Sunday, May 22, 2011

Overdue...

I'm going to try to write a very long overdue update on the baby thing, infertility, the elephant in our life.  To sum up, we've been good.  I have been very distracted with school which has been sort of therapeutic for me.  I still have "one of those days" every now and then but generally, we are good.  Sometimes it's hard for me to admit or say in the exact words that I'm grateful that I don't have the extra stress of newborn.  I just realized that if our IVF worked last time, I would be 2 days away from my due date.  I am grateful.  I really don't know what we were thinking?  I know I would have risen to the occasion but we were so blinded by what we wanted, we kind of disregarded what would be best for us and the baby.  I have thought a lot about it and it wouldn't have been any fun at all.  I want to be able to stay home and snuggle my baby as much as I want, not worry about who will be watching my newborn while I go take a test, go to 12 hour clinicals, and trying to fit in hours of studying time.
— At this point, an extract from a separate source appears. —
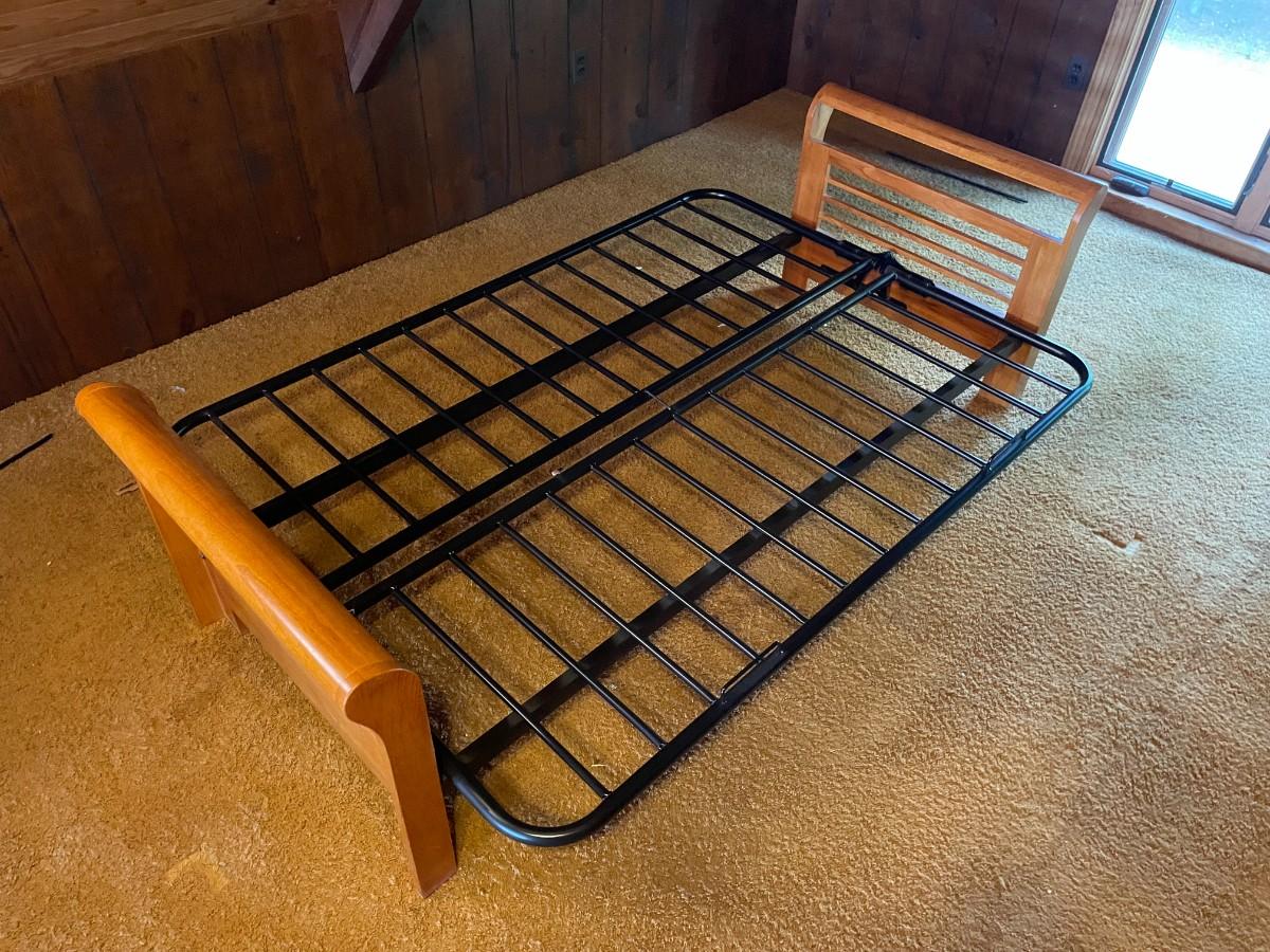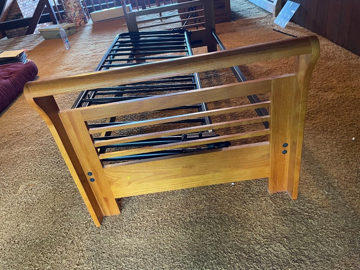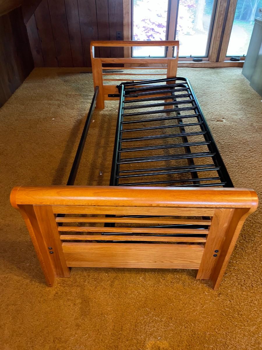 The wood and metal day bed is in excellent condition. Headboard and Footboard: 84L x 33w x 25 1/2h. Mattress area when opened: 74L x 54W x 11h.
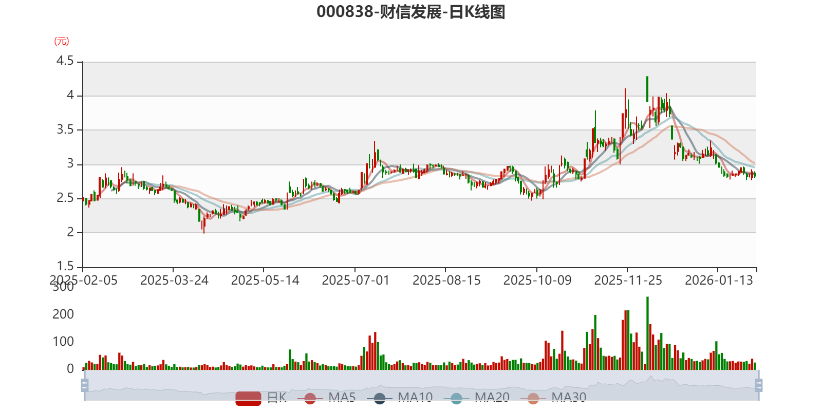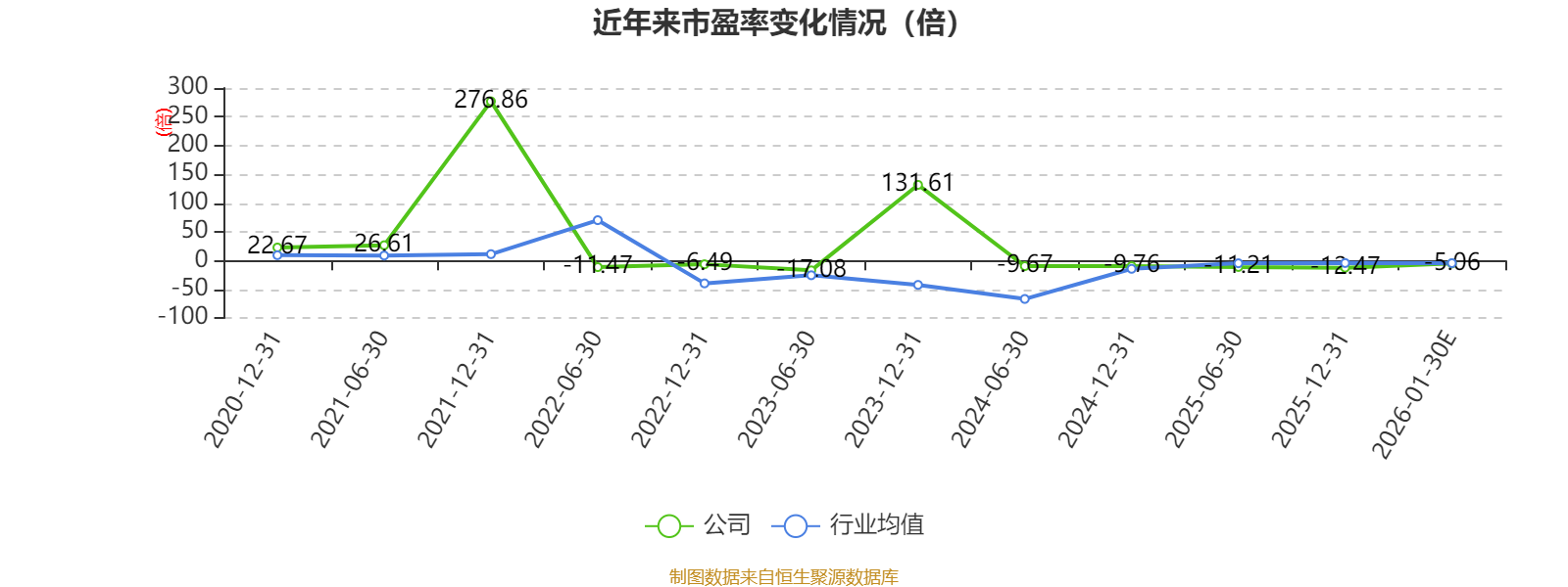 中证智能财讯财信发展(000838)1月30日晚间披露2025年度业绩预告,预计2025年实现营业收入2亿元至2.9亿元;归母净利润亏损5亿元至8亿元,上年同期亏损2.6亿元;扣非净利润亏损4.8亿元至7.8亿元,上年同期亏损2.18亿元;基本每股收益-0.4544元/股至-0.727元/股。以最新收盘价计算,市净率(LF)约7.59倍,市销率(TTM)约12.71倍。

It's nice to finally say we are officially back on the IVF train.  We met with our new RE, Dr. Heiner 2 weeks ago and really loved what he said.  I was pleased with the things he wanted to change from my last cycle and just grateful that he wanted to change anything at all.  Our last RE said she wouldn't do anything differently and I was really not comfortable with that.  How can you do the same thing and expect a different result?   Dr. Heiner was not thrilled with when we want to do the cycle.  We are tentatively scheduled for the first week in August, the week of finals and graduation.  I know that sounds crazy but hear me out.  That week would be the week of the egg retrieval.  I would have daily ultrasounds in the morning and then the retrieval at the end of the week.  My transfer would be the following week, no tests, no studying, not even working (I plan to take some time off after graduation to do absolutely nothing).  Following the transfer, I will be in bed for a few days and then we are going to Oregon with some friends to relax, de-stress, and try not to think about whether or not we are pregnant.  We can't change the vacation and I can't do it after in hopes that I will have a job that I will not be able to take time off from for 12 weeks.

Dr. Heiner asked if I get stressed during finals and yes I do.  But, that week is not the week I need to worry  about my stress level.  It is the following week where I need to be as calm as possible and I will definitely be able to do that.  I know stress is never an ideal thing in any situation but, really?  Stress does not impact the outcome of IVF cycle! If it did, no one would get pregnant from it.  Those 2 weeks of waiting to find out if I was pregnant or not were the most stressful 2 weeks of entire life!  I'm not kidding. I can't think of any time, even in the last 2 years, where I was more emotionally and mentally unstable.  Michael was about to medicate me...for real.  I'm looking for some validation that I am not crazy or making the same mistake we did last time.  I feel very strongly that I did not get pregnant last time because it was not the right time for us to have child.  I also feel very confident that we will have a child of our own someday and I hope that time is very soon.  I have been going back and forth the last couple of weeks and I feel like no matter when we do it, the time is right.  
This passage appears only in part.